GIVEN RECORDS:
========

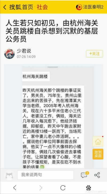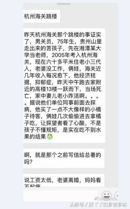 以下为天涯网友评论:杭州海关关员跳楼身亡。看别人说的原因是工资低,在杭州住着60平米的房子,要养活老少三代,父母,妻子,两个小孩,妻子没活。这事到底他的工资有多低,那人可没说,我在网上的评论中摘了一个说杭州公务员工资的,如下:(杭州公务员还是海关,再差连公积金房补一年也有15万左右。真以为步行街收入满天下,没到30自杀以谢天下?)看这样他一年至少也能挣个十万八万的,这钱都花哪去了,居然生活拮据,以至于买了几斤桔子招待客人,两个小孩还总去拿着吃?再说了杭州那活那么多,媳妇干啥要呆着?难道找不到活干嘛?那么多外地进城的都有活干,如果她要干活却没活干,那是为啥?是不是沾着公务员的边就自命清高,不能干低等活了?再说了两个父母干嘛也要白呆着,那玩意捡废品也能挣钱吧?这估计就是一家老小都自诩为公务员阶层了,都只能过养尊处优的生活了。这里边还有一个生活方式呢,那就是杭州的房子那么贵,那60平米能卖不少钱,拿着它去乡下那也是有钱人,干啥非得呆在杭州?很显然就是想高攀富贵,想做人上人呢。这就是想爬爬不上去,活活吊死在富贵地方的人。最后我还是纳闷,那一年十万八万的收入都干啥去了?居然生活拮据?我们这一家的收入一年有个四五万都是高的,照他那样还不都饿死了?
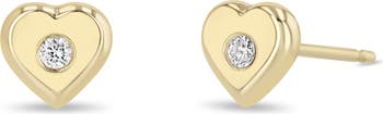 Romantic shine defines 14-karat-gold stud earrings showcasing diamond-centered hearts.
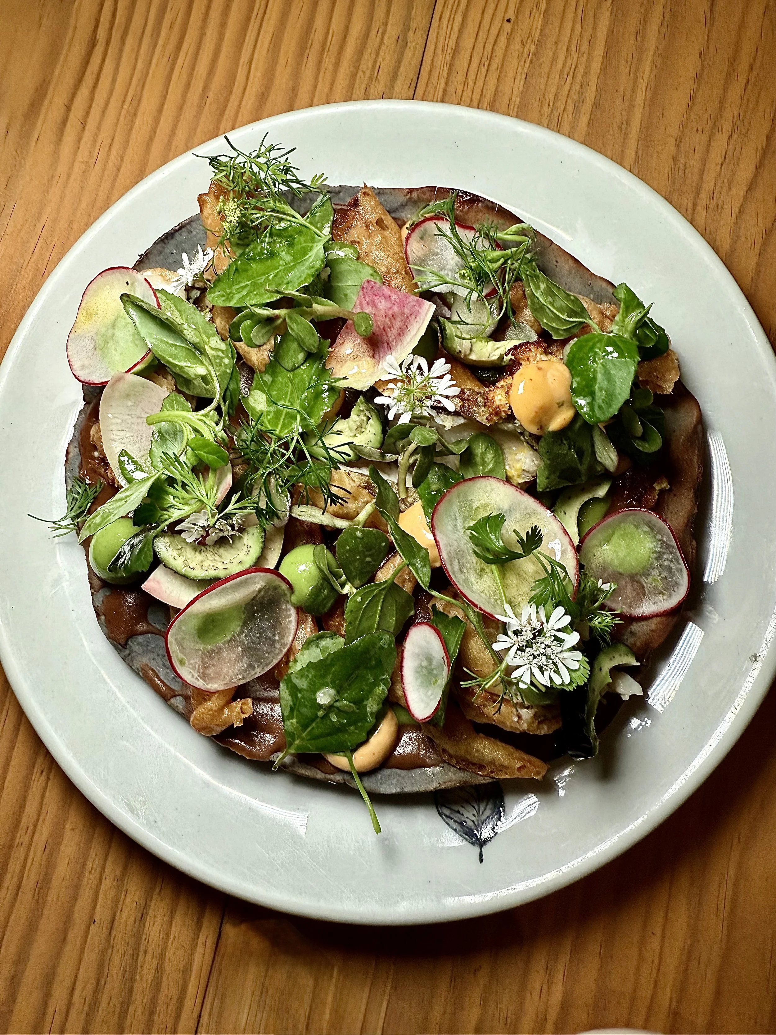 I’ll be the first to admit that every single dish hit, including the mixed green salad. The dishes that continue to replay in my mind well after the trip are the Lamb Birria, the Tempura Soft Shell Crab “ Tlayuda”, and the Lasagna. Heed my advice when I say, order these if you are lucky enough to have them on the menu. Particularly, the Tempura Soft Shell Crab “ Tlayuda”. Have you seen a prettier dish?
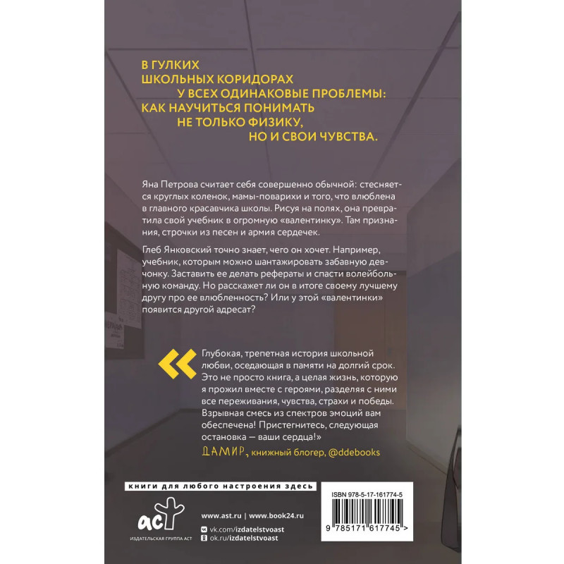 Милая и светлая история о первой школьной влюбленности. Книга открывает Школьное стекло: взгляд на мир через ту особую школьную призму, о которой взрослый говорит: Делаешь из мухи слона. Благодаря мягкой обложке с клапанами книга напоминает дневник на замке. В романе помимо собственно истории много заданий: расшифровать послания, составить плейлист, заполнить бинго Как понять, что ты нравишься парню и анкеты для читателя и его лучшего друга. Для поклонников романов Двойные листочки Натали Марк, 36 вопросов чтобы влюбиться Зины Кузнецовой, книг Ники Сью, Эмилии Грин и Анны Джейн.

========

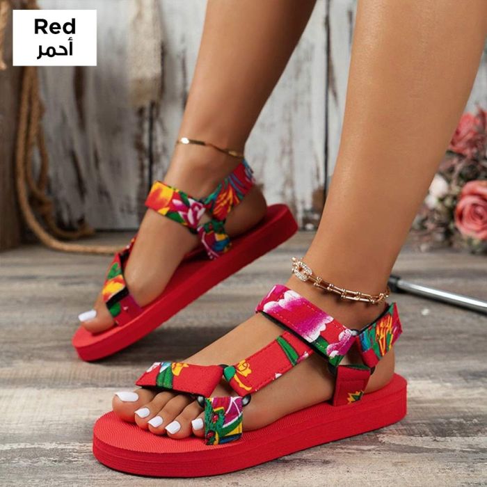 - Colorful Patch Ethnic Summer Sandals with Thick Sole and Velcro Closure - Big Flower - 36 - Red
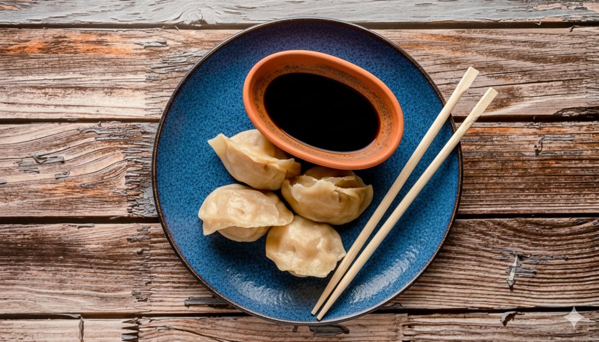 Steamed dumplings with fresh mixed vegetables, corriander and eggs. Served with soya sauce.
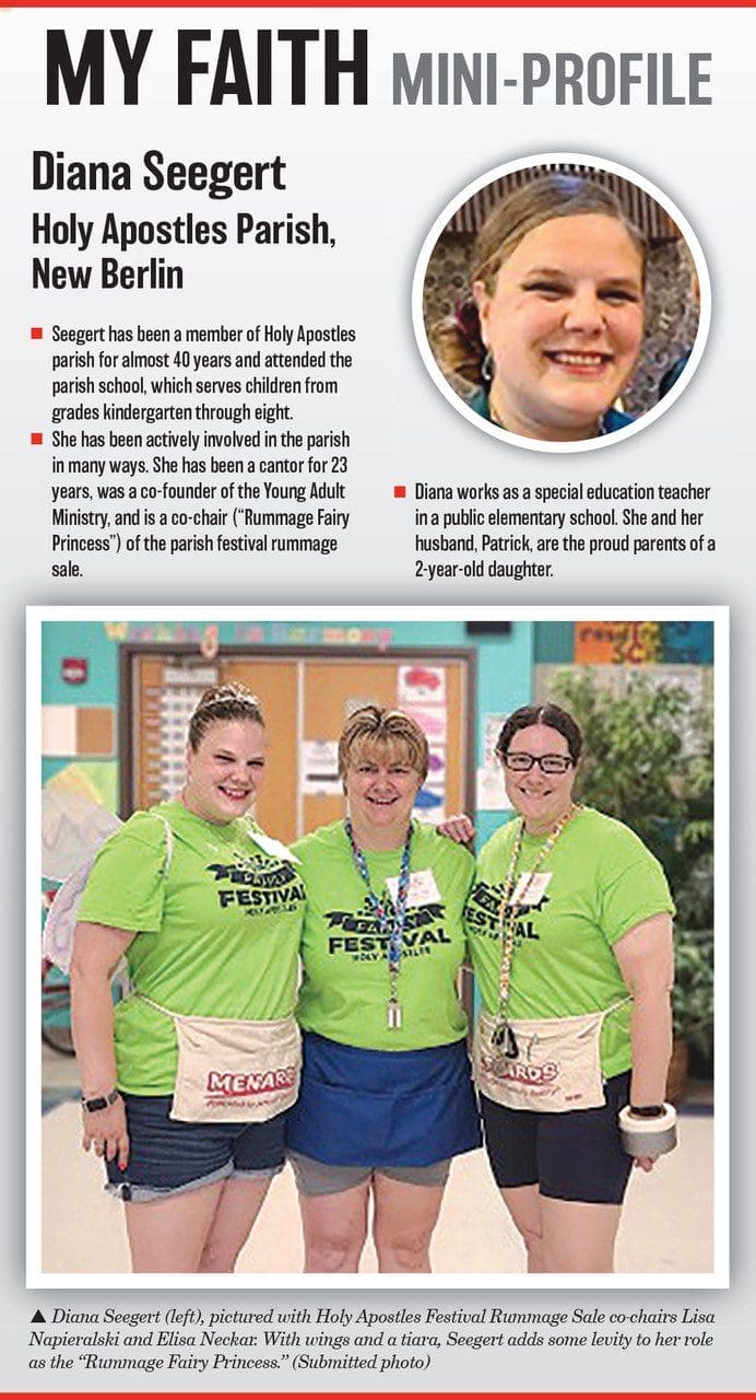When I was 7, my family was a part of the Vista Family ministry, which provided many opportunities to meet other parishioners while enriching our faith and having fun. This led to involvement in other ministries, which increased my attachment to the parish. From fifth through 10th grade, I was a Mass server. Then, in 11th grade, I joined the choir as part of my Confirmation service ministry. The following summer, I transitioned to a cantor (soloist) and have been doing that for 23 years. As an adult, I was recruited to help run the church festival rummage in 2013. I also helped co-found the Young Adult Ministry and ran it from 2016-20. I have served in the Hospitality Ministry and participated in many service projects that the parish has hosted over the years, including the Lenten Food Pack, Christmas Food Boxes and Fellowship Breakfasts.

========

In the entries above, find the line containing "Romantic shine defines" and the line containing "I’ll be the"; give again exactly those two lines and every line between them, minus the pictures.

 Romantic shine defines 14-karat-gold stud earrings showcasing diamond-centered hearts.
 I’ll be the first to admit that every single dish hit, including the mixed green salad. The dishes that continue to replay in my mind well after the trip are the Lamb Birria, the Tempura Soft Shell Crab “ Tlayuda”, and the Lasagna. Heed my advice when I say, order these if you are lucky enough to have them on the menu. Particularly, the Tempura Soft Shell Crab “ Tlayuda”. Have you seen a prettier dish?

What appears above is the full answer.